The measure of disability that we used for this study, namely the EDSS, despite being an extensively used clinical parameter in MS, has its own limitations. The non-linearity and heavy emphasis of the EDSS on ambulation have been well documented, and other measures that incorporate additional dimensions of disability, such as the Multiple Sclerosis Functional Composite (MSFC), are available and should be investigated. 31
In conclusion, we have shown that a large range in correlation values between black hole volume and EDSS can be observed by varying the intensity level, relative to the reference intensities sampled in CSF and NAWM, used to classify the lesions.

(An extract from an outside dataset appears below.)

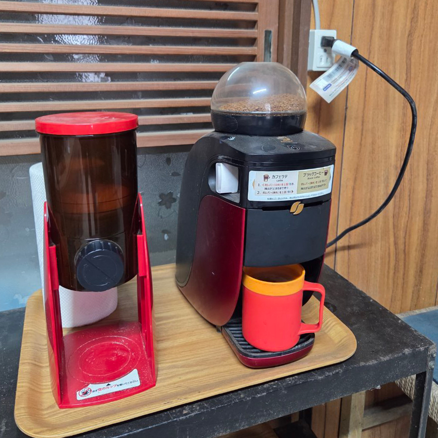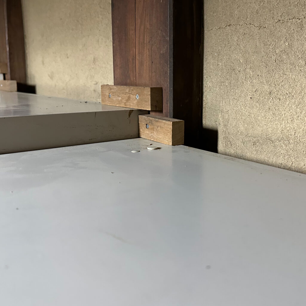 ウォールキャビネットの転倒防止駒を上部に設置。 久しぶりの雨で気温も下がり「コーヒー」が欲しくなり、この拠点で初めてコーヒーサーバーが稼働し出した。

In this data set, the greatest similarity to expertly traced lesions was obtained by including all voxels that are only slightly hypointense (≤80% of the CSF to NAWM range), but the strongest correlations were found by limiting the black hole regions to a small subset of the darkest voxels (≤30–40% of the CSF to NAWM range). Using an intensity-weighted method of volume computation improved the robustness of the correlation to parameter selection.
Footnotes
Funding
This research received no specific grant from any funding agency in the public, commercial, or not-for-profit sectors.
Conflict of interest statement
The authors declare that they have no conflicts of interest.